Transcribe the entries below word for word, beginning at the line with "Cut from the" and stopping after the line with "水泳 プール ビーチ 海"; drop all pictures.

-- Available data follows --

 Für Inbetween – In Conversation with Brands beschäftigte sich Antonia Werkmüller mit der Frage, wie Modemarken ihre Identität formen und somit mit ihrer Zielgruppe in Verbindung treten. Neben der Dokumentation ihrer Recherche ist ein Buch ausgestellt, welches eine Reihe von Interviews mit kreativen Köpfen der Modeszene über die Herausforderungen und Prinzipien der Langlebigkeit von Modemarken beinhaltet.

-- Available data concluded --
-- Available data follows --

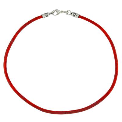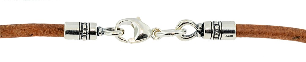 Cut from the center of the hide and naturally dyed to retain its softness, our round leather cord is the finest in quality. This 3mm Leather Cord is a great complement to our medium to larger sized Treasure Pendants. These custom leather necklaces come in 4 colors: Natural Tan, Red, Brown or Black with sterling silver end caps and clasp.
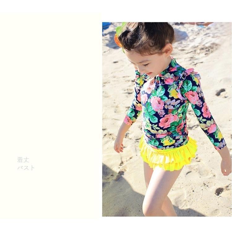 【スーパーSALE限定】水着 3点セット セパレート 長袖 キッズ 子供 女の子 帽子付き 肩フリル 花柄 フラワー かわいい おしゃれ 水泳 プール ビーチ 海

-- Available data concluded --

» Task answer:
 Cut from the center of the hide and naturally dyed to retain its softness, our round leather cord is the finest in quality. This 3mm Leather Cord is a great complement to our medium to larger sized Treasure Pendants. These custom leather necklaces come in 4 colors: Natural Tan, Red, Brown or Black with sterling silver end caps and clasp.
 【スーパーSALE限定】水着 3点セット セパレート 長袖 キッズ 子供 女の子 帽子付き 肩フリル 花柄 フラワー かわいい おしゃれ 水泳 プール ビーチ 海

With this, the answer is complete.